Today, of course, that's not the case. A college degree has practically become a necessity for millennials who hope to have any chance of snagging the job of their dreams. Not only is a degree becoming an expectation among employers, but it's also Americans' primary means of moving up the economic ladder during their lifetime.
College: Is it worth it?
According to a study from the Pew Research Center released this past February, millennials aged 25 to 32 with a four-year bachelor's degree earned a median of $45,500 in annual earnings in 2012. By comparison, millennials in the same age range who were only high school graduates earned a median of just $28,000 annually.
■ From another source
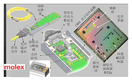 隨著數(shù)據(jù)通信和互聯(lián)應用等對帶寬的要求越來越大,人們越來越重視數(shù)據(jù)中心及高性能計算應用的帶寬和密度。在獲取40Gb/s帶寬性能時銅互連面臨著巨大的挑戰(zhàn),它們的功率和尺寸要求無法有效應用于更高帶寬。因此,大家都在逐漸轉向使用可以處理更高帶寬的光互連,以便獲取更長的流程長度、消耗更少的功率、提高電磁噪聲抗擾度并提供比銅解決方案更靈活的布線管理。

This $17,500 gap equates to $700,000 over the course of a 40-year working career -- and the gap is widening dramatically with each generation. By the time current grade school kids graduate high school or college in 10 to 15 years, we could be staring down a $1 million lifetime earnings gap between those who have four-year degrees and those who only have high school diplomas.
Undeniably, this data demonstrates that your child should go to college. However, going to college can sometimes be the greatest obstacle of all -- and it has little to do with a students' grades.
The greatest challenge your child faces
According to a recently released study from Junior Achievement and PwC, student loan debt is perhaps the biggest roadblock that prospective college students and their families currently face.
One of the most alarming statistics from the report comes from the Higher Education Research Institute's report "The American Freshman: National Norms." Their research showed that 57% of students chose not to attend their first-choice college last year -- the highest percentage on record. Analysts speculate that this owes to the high costs of a college education.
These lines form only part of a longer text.